TASK OBJECTIVE:
Starting at the line that contains "Next stage of", retype each line to the end of the listing below. Include both ends, but not the pictures.

PROVIDED MATERIAL:
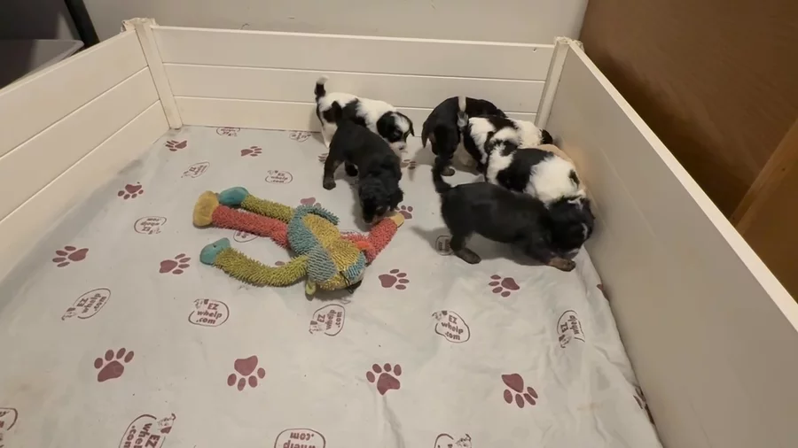 We couldn’t be happier with our Cavapoo, Joe. From the start he has been so easy-going with our kids and a wonderful addition to our family. Courtney did an amazing job! Joe came to us already crate trained, and he quickly started peeing and pooing outside with hardly any accidents. Courtney’s communication throughout the process was excellent, and it was clear Joe was treated with so much love and care as a puppy. We also received Joe with a microchip, all his vet paperwork, and even a blanket with his litter’s scent, which really helped him settle in. His calm, sweet temperament shows the care and attention Courtney puts into her puppies. Highly recommend!
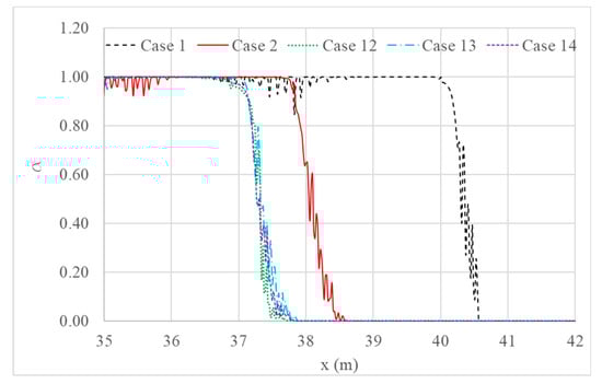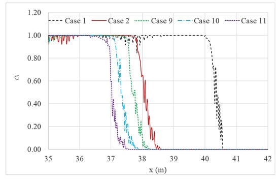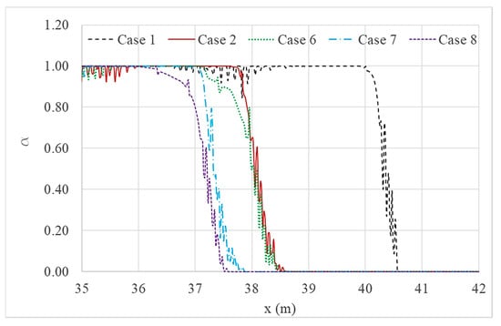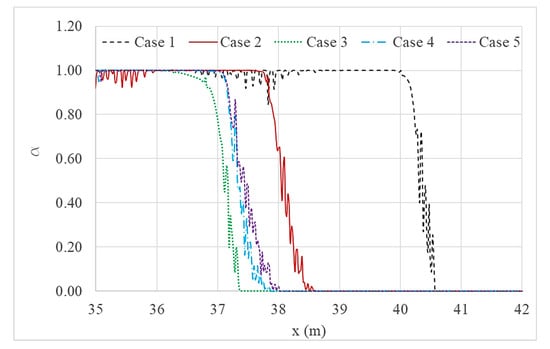 Next stage of the investigation was to assess the inundation that had occurred by the striking wave at the 1:100 beach slope for each simulation case. Wave induced inundations for a given time (240 s of simulation time) were plotted and presented in Figure 17, Figure 18, Figure 19, Figure 20 and Figure 21. The y-axis of these figures is scaled to, which is a dimensionless fraction delaminating air and water used in the simulations. Water is represented when and air is represented when . Therefore, the interface between 1 and 0 at the beach slope can be identified as the point at where the water wave is reached on the 1/100 beach slope at a given time. values between 0 and 1 indicates the air-water mixture at the fluid transition interface.
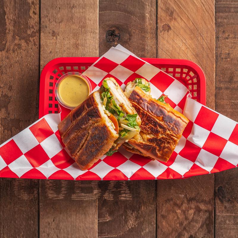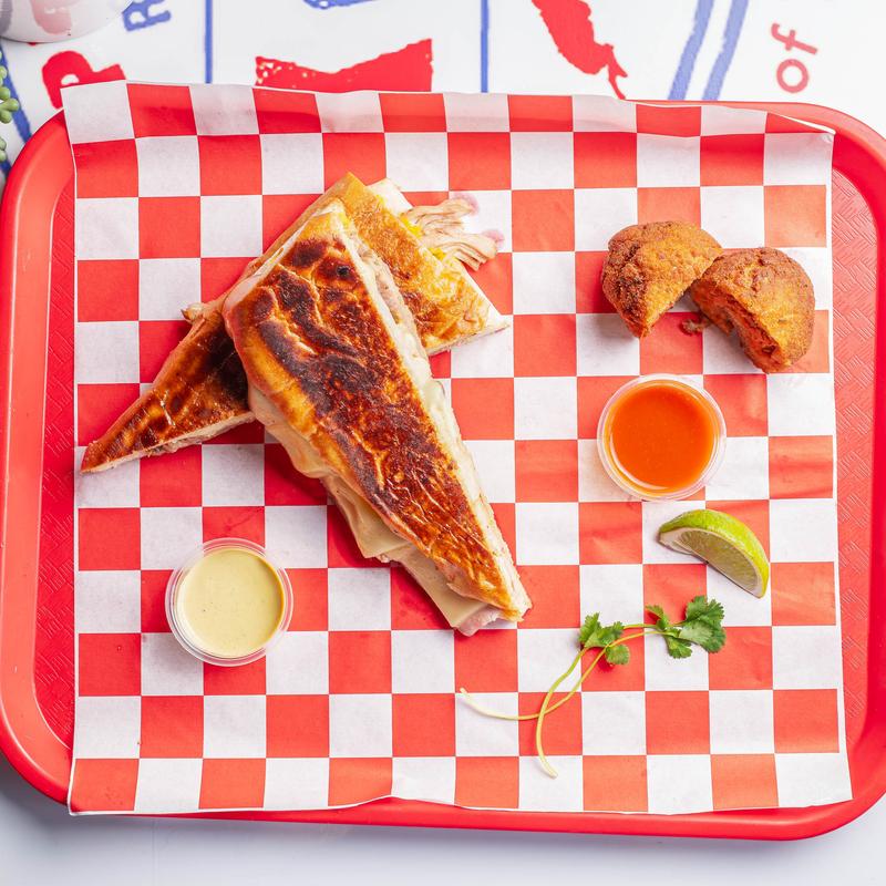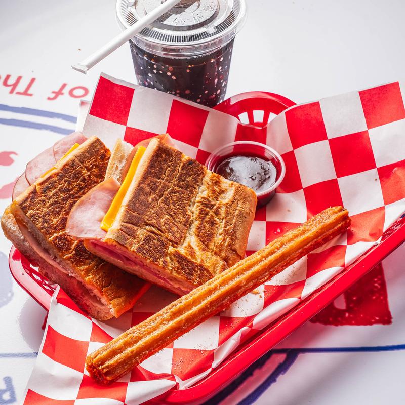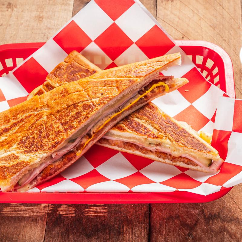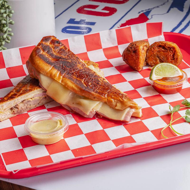 This mouthwatering sandwich is a must-have. Buttery toasted Cuban bread stacked with crispy ham croquettes (croqutas de jamon), Swiss cheese, pickles, serrano ham, and mustard.
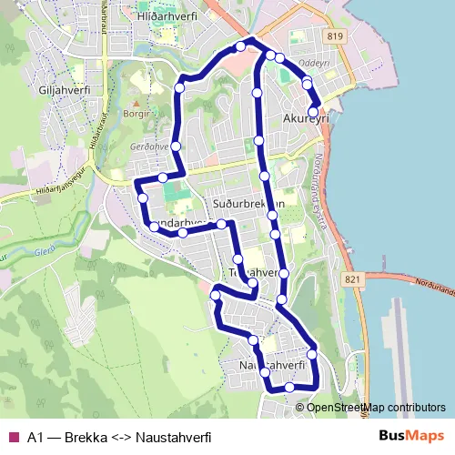 The first stop of the A1 bus route is Miðbær and the last stop is Miðbær. A1 (Brekka <-> Naustahverfi) is operational during on weekdays.

THE ANSWER:
 Next stage of the investigation was to assess the inundation that had occurred by the striking wave at the 1:100 beach slope for each simulation case. Wave induced inundations for a given time (240 s of simulation time) were plotted and presented in Figure 17, Figure 18, Figure 19, Figure 20 and Figure 21. The y-axis of these figures is scaled to, which is a dimensionless fraction delaminating air and water used in the simulations. Water is represented when and air is represented when . Therefore, the interface between 1 and 0 at the beach slope can be identified as the point at where the water wave is reached on the 1/100 beach slope at a given time. values between 0 and 1 indicates the air-water mixture at the fluid transition interface.
 This mouthwatering sandwich is a must-have. Buttery toasted Cuban bread stacked with crispy ham croquettes (croqutas de jamon), Swiss cheese, pickles, serrano ham, and mustard.
 The first stop of the A1 bus route is Miðbær and the last stop is Miðbær. A1 (Brekka <-> Naustahverfi) is operational during on weekdays.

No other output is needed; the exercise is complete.